While glaucoma does not always present with an elevated IOP, it does represent a modifiable risk factor in all cases of the disease. Indeed, management of IOP has proven to be key in the treatment of glaucoma, as demonstrated by the results of the Ocular Hypertension Treatment Study (OHTS) in 2002 and the Early Manifest Glaucoma Trial (EMGT) in 1999. In the OHTS, the experimental group was instructed to use eyedrops only, while the EMGT participants received a combined treatment consisting of topical drug therapy and trabeculectomy. In both cases, lowering of IOP hindered the onset or progression of open angle glaucoma. All participants who underwent hypotensive therapy in the EMGT—regardless of demographics or disease status—benefitted. Reducing IOP by 25% translated into a 50% reduction in the risk of glaucoma worsening.

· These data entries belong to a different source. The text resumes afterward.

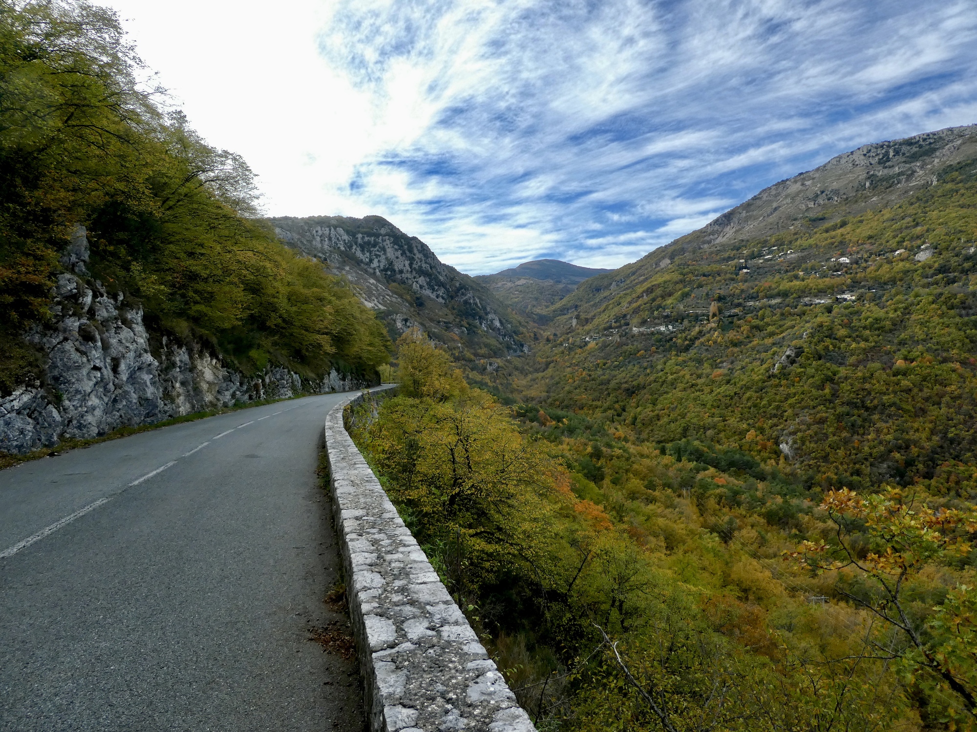 Leaving Vence. The formations rise abruptly from the north side of town. It’s no surprise there’s but the one round to the north from here. Looking ahead, there’s a significant gap between those two crags where the Cagne River cuts through from just the other side of the Col de Vence, but there’s no road through there.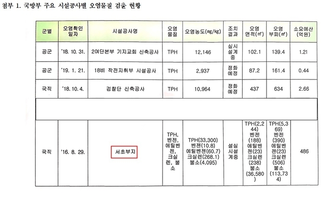 [시사뉴스 강민재 기자] 국회 국방위원회 김병기 의원(더불어민주당, 서울동작갑)은 서초구에 위치한 구 정보사령부(이하 정보사) 부지에서 기준치의 40배가 넘는 오염토가 검출된 것으로 확인했다.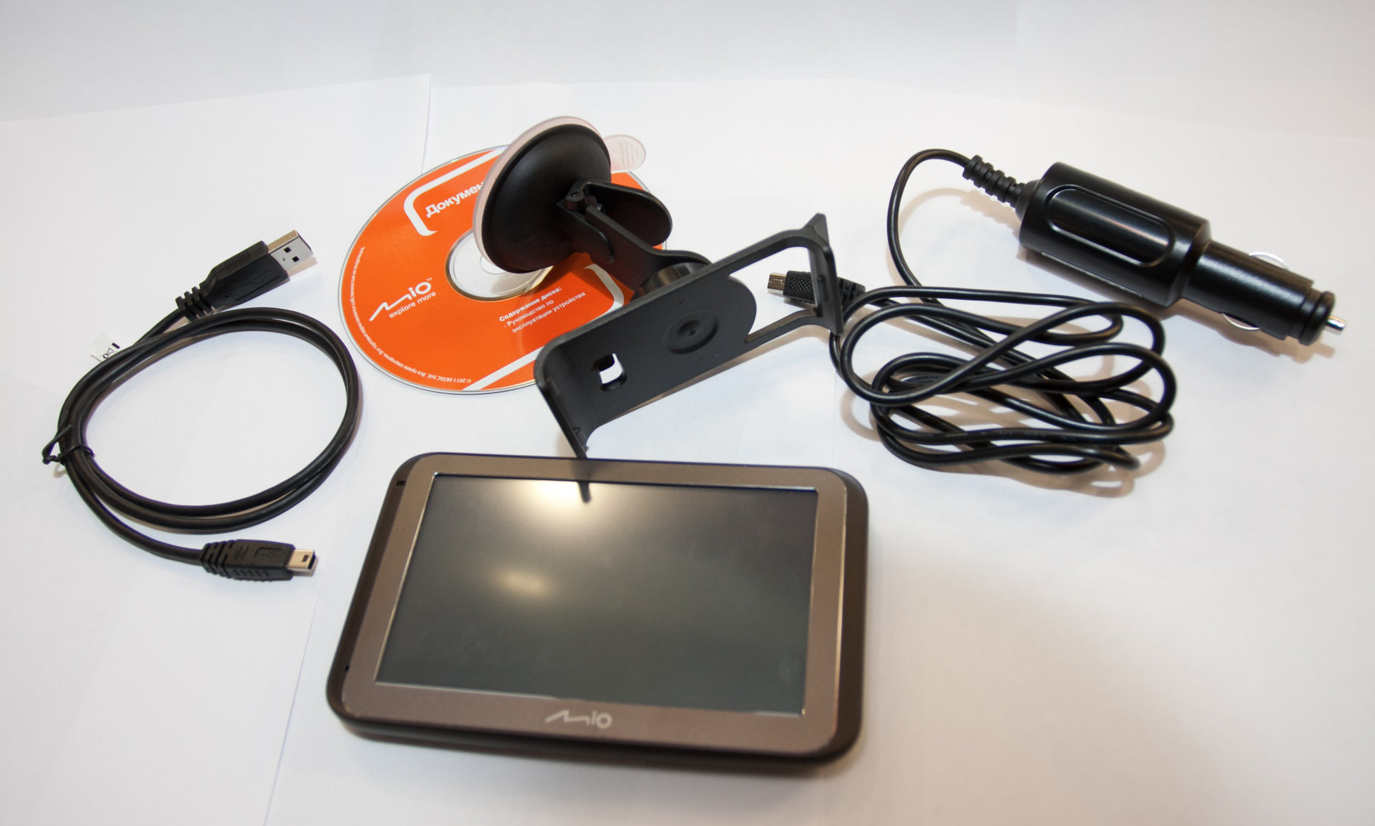 Выложив содержимое коробки на стол, видим базовый пользовательский комплект: сам навигатор Mio Cruiser 5160, кронштейн с присоской для крепления на стекло, автомобильное ЗУ в гнездо «прикуривателя», кабель USB-miniUSB для соединения с ПК, а также CD-диск с инструкцией к устройству.

Potential general medical indications for medicinal marijuana
Cannabinoids are compounds derived from the flower of the cannabis plant that act on specialized receptors in the endocannabinoid system (ECS), which is integrated throughout the human body. Although known for its recreational use, studies have demonstrated marijuana’s ability to serve various medicinal purposes. Medical marijuana has been utilized to subdue the effects of nausea and emesis associated with chemotherapy in cancer patients. Cannabis has also shown to be efficacious in minimizing the symptoms of nausea and diminished appetite in HIV positive individuals. Moreover, marijuana has effectively alleviated both chronic and neuropathic pain, allaying the hallmark spasticity of multiple sclerosis as well as sensory neuropathy secondary to HIV infection.

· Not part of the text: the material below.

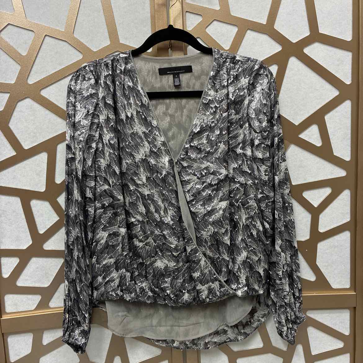 LS, faux wrap, abstract leaf print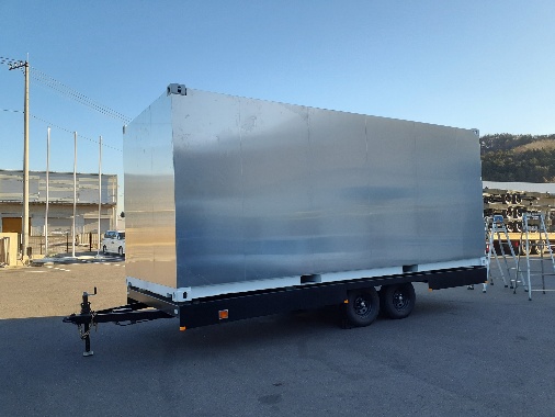会場内でリユース(中古)トレーラーの販売も行ないます。シャーシと20ft中古コンテナを組み合わせたトレーラーです。トレーラーハウスのベース車としても使えますし、コンテナを倉庫として利用し、建築物に該当しない保管スペースにも最適です。

Proposed role of cannabinoids in glaucoma treatment
Medicinal marijuana has been cited in the treatment of glaucoma by acting on the ECS to reduce IOP, as well provide neuroprotection to the retinal ganglion cells. The cannabinoid selected, the mode of administration, and the adverse side effects are factors that alter the efficacy of this potentially useful ocular hypotensive agent.
Mechanism of Action
One intrinsic way in which the IOP can be altered is through the endocannabinoid system (ECS), which is integrated throughout the eye. Two commonly studied endocannabinoids are 2-AG and AEA, whose precursor is arachidonic acid. These endogenous species bind at the cannabinoid receptor 1 (CB1) present in ciliary body, trabecular meshwork, and Schlemm’s canal2. Additionally, endocannibinoids act on various noncannabinoid receptors found in the cornea, iris, and ciliary epithelium. These compounds are routinely metabolized: 2-Ag is degraded by monoacylglycerol lipase (MAG-L) and AEA is degraded by fatty acid amide hydroxylase (FAAH).2 Notably, both 2-AG and AEA are degraded by cyclooxygenase-2 (COX-2).
The ECS is normally activated after trauma or during other inflammatory processes with the purpose of mediating against cellular injury. Improper functioning of the ECS leads to maladies such as Parkinson’s disease and Alzheimer’s disease.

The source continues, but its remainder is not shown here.